We have common routines to modify hyp and stage2 page tables
based on the 'kvm' parameter. For a smoother transition to
using separate routines for each, duplicate the routines
and modify the copy to work on hyp.

Marks the forked routines with _hyp_ and gets rid of the
kvm parameter which is no longer needed and is NULL for hyp.
Also, gets rid of calls to kvm_tlb_flush_by_vmid_ipa() calls
from the hyp versions.

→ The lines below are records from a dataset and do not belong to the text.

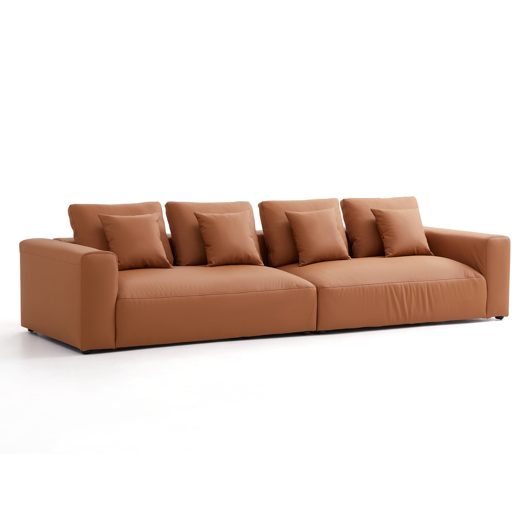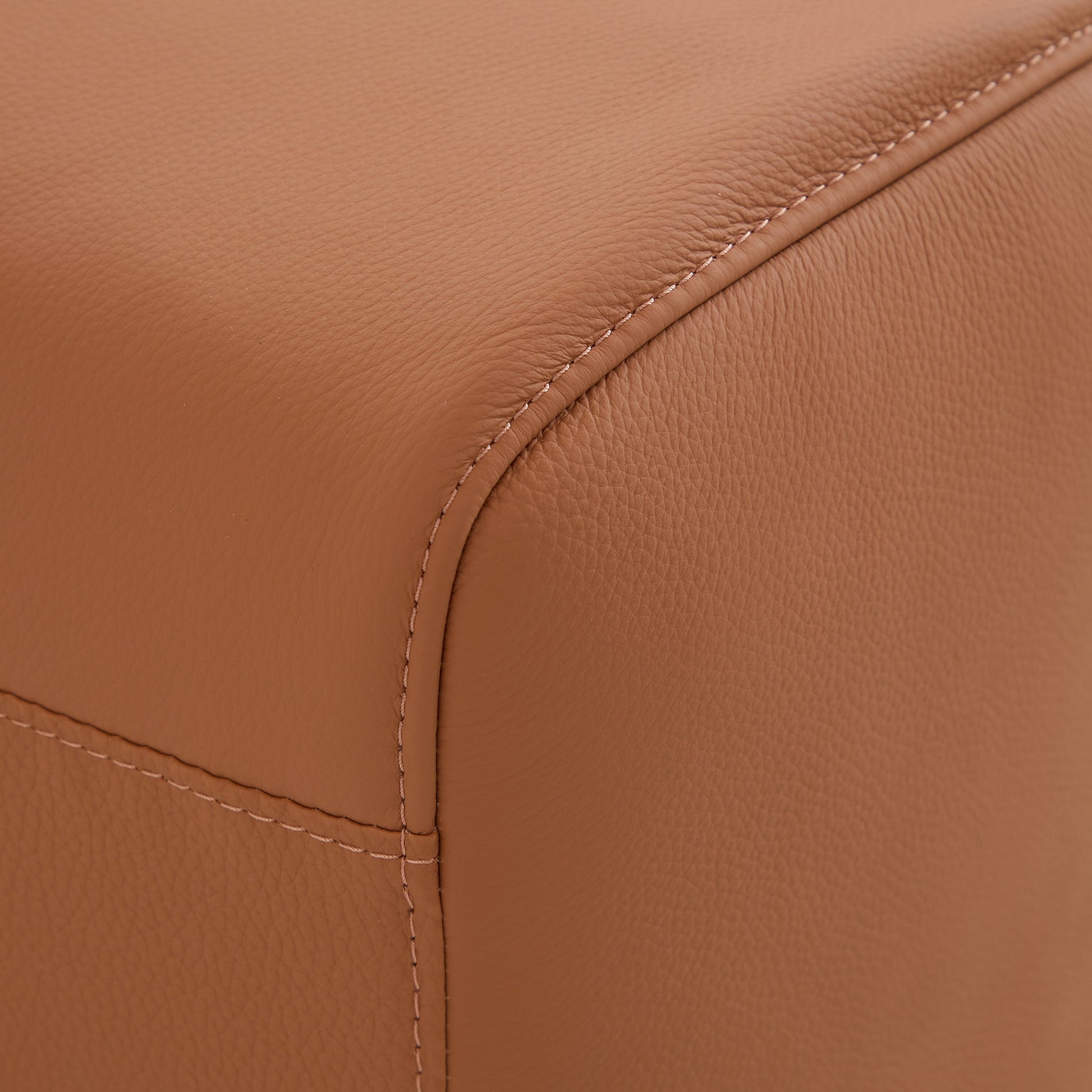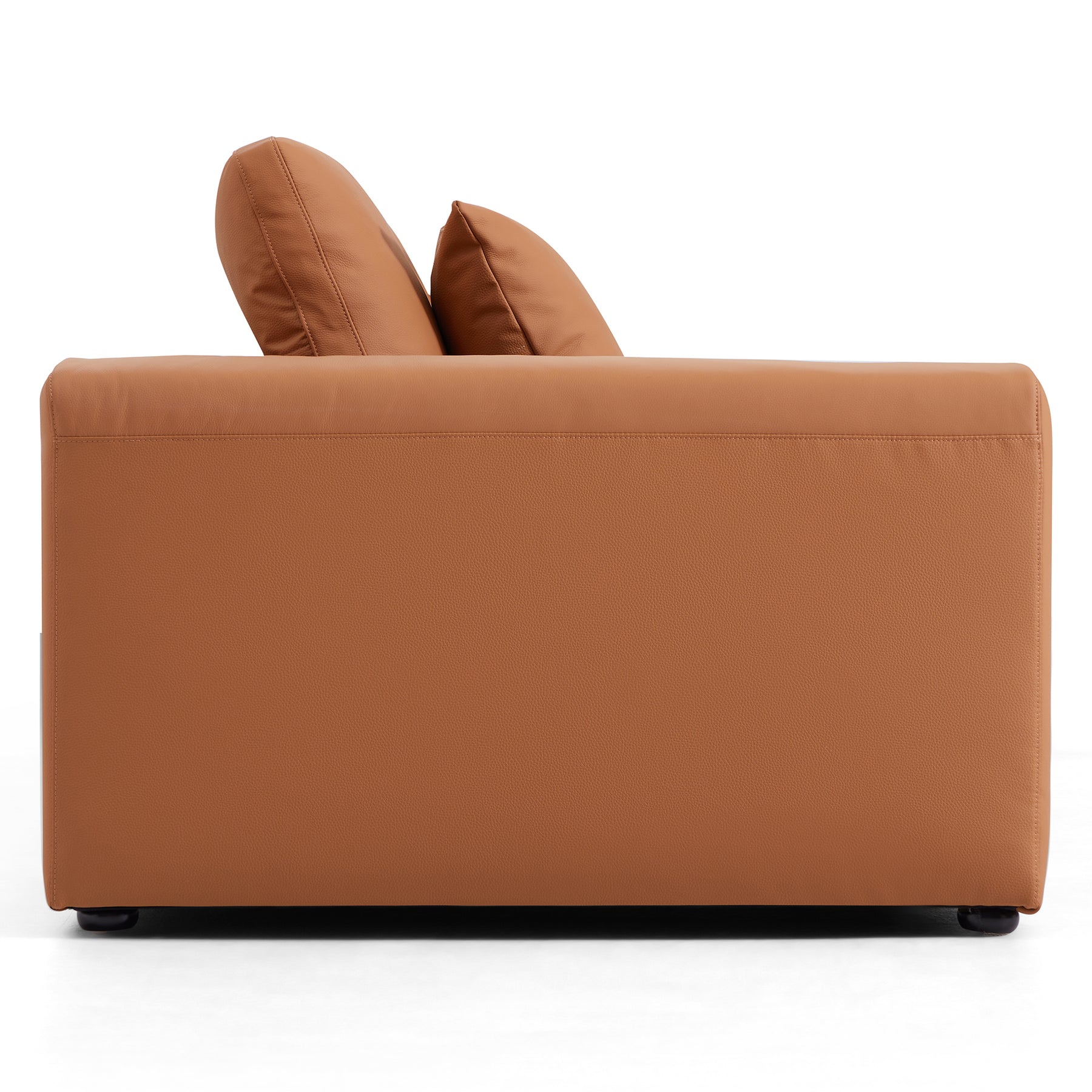 Material: pine wood frame, doll cotton+ soft feather+high density foam, top grain genuine Leather covering, wooden legs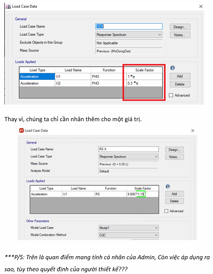 Vì thế khi khai báo Tải trọng động đất theo phổ phản ứng, thường sẽ có 02 cách làm thường thấy như sau: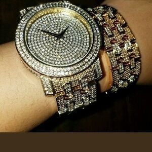 MEN'S HIP HOP QUAVO GOLD PT LUXURY WATCH & FULL IC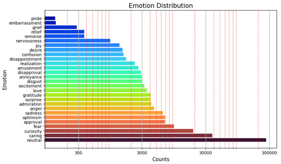 We executed the EmoRoBERTa model on a system equipped with an Intel i7-11700 processor, 32 GB of memory, and an NVIDIA RTX 2060 Super to assign emotion tags to each tweet. We then selected the emotion tag with the highest score for each tweet. This process consumed more than 14 h to process and annotate each tweet with its corresponding emotion. Among the results, there were over 250,000 tweets categorized as “neutral”. This outcome is understandable, as the majority of these tweets likely pertained to updates on the progress of Hurricane Harvey or warnings about potential dangers. Given that some emotions like “grief” or “embarrassment” had relatively low frequencies compared to “neutral”, we adjusted the distribution count axis to magnify their visibility. The distribution of emotions related to the tweeter data is visualized in Figure 2.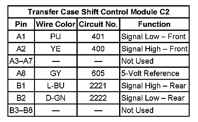 Transfer Case Shift Control Module C2:

Uses explicit host page table accessors
instead of the kvm_* page table helpers.

Suggested-by: Christoffer Dall <[email protected]>
Cc: Marc Zyngier <[email protected]>
Signed-off-by: Suzuki K Poulose <[email protected]>
---
Changes since V1:
- Remove flush_dcache for !device_pfns in unmap_hyp_ptes()
- Remove huge pmd/pud checks in unmap_hyp_p.ds, since we don't
use huge mappings
- Add a comment in unmap_hyp_range() on why we don't invalidate
TLBs.
---
arch/arm/kvm/mmu.c | 104 +++++++++++++++++++++++++++++++++++++++++++++++++---
1 file changed, 99 insertions(+), 5 deletions(-)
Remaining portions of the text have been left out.